With Prince Albert still waiting in the wings, the focus of this week’s opening double-bill was Victoria’s girl crush on her Prime Minister, Lord Melbourne – who, with a thumb to the nose of historical accuracy, now has the swoonsome green eyes of Rufus Sewell. (Which makes him a good match for Coleman, of who Peter Capaldi’s Doctor Who once asked, ‘What’s gone wrong with your face? It’s all eyes!’)

When Lord M was forced out of office, Victoria went into an epic sulk, and had to resort to confiding in her dog instead. Her circling enemies – great boo-hiss turns from Paul Rhys as Sir John Conroy and Peter Firth as the Queen’s wicked uncle Cumberland – tried to suggest she might be going as gaga as George III, but she quickly outflanked them, showing the iron will that would sustain her on the throne for the next 63 years.

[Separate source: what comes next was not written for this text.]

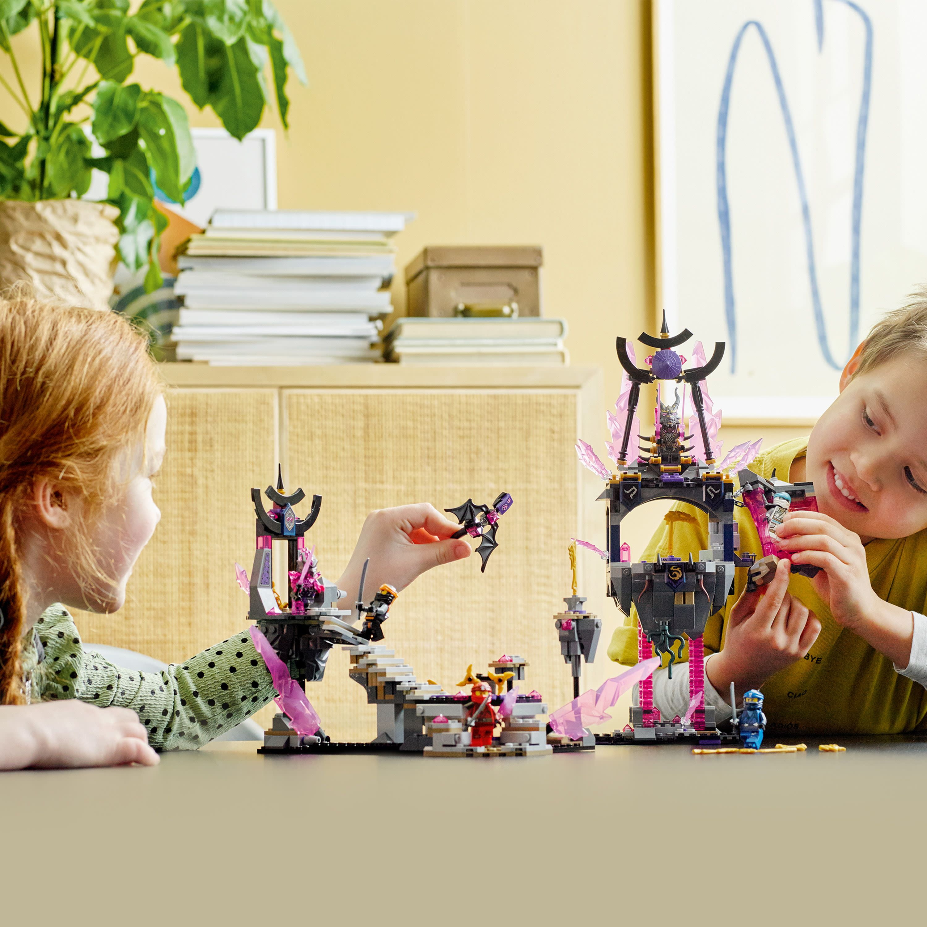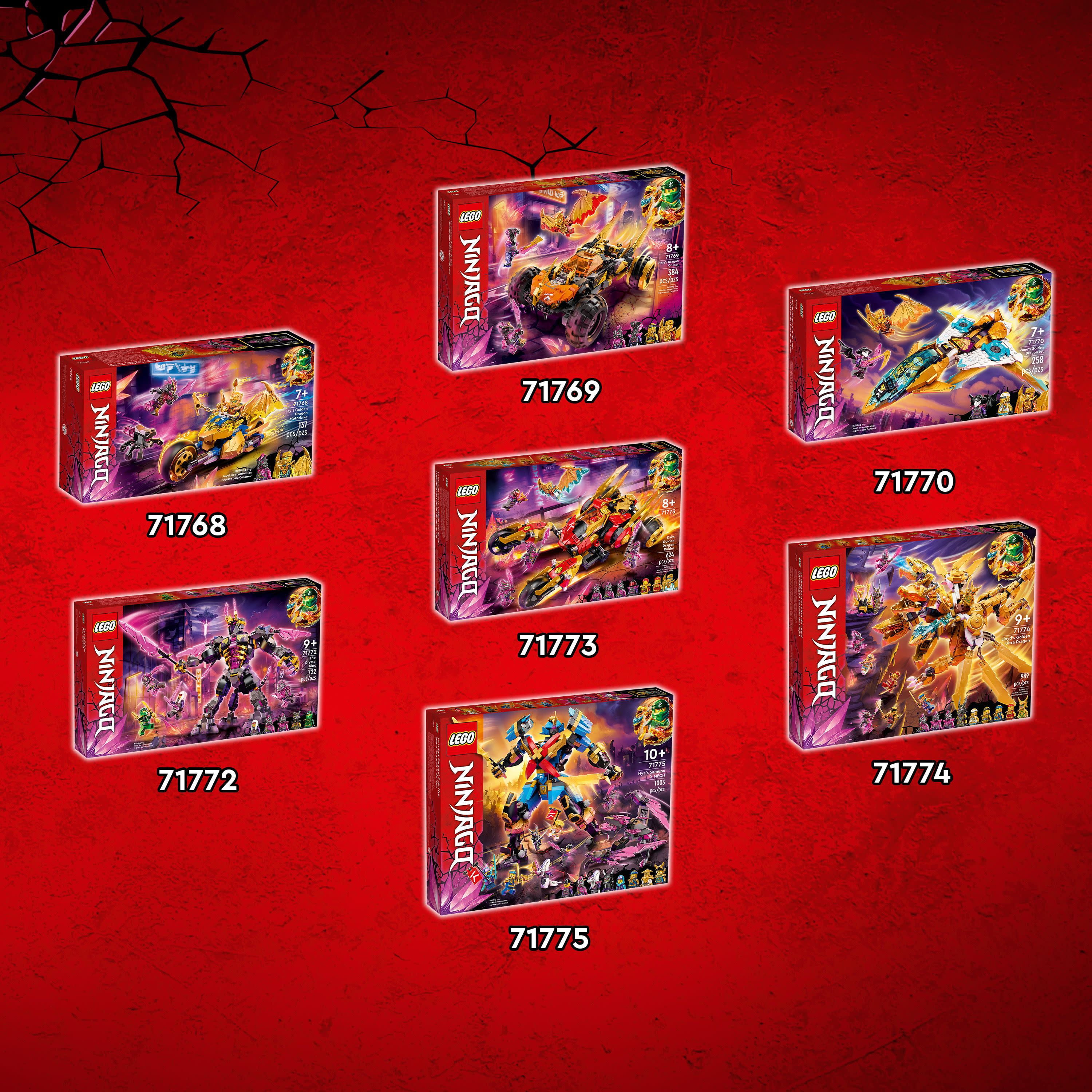Kids can bring characters and action from the NINJAGO: Crystallized TV series to life with this action-packed LEGO NINJAGO Crystal Temple set Features a buildable temple packed with cool features and functions, including The Crystal King’s throne, a floating prison and several traps Includes 4 exclusive NINJAGO minifigures: Cole, Zane, Kai and Jay plus elemental weapons: swords, shuriken, bladed nun chucks and a scythe This LEGO NINJAGO action toy also features an exclusive Crystal King minifigure with 4 arms & swords plus a Vengestone Guard with crystal armor Kids dare to climb to the top of the temple, past dangerous traps to retrieve the stolen elemental weapons from the Crystal King Comes with the free LEGO Building Instructions app to zoom, rotate and visualize a digital version of the model on smartphones and tablets Check 7 other playsets from the NINJAGO: Crystallized TV series, including The Crystal King Temple (71771) and Nya’s Samurai X MECH (71775)

Definitely more Barbara Cartland than Hilary Mantel, Victoria is a guilty pleasure, for sure, but one which, with Goodwin raring to go on more scripts, I suspect may long reign over our Sunday evenings.

 

TV extra: 

Are You Being Served?

Kicking off the Beeb’s Sitcom Season – a mix of new commissions and remakes to celebrate 60 years since the debut of Hancock’s Half Hour – Derren (Benidorm) Litten’s crack at the fondly remembered shop floor comedy was a faithful karaoke cover version, with the likes of Jason Watkins and Sherrie Hewson successfully channeling the spirit of John Inman, Mollie Sugden and co. At one point, Grace Bros was accused of being ‘stuck somewhere between the Roman Empire and the Black Death’. As, indeed, were the jokes, but I guess that’s the point.

 

Porridge

Some will cry heresy at reviving this sitcom classic without the late, great Ronnie Barker and Richard Beckinsale, but creators Dick Clement and Ian La Frenais’ update was very much in the spirit of the original. As Fletch’s ducking and diving grandson, Kevin Bishop captured some of Barker’s cheeky, quick-witted charm, while Dominic Coleman and Mark Bonnar proved worthy successors to Brian Wilde and Fulton Mackay’s good-cop, bad-cop wardens. It wouldn’t really warrant a full series but, as a one-off nostalgic tribute, it was certainly no crime.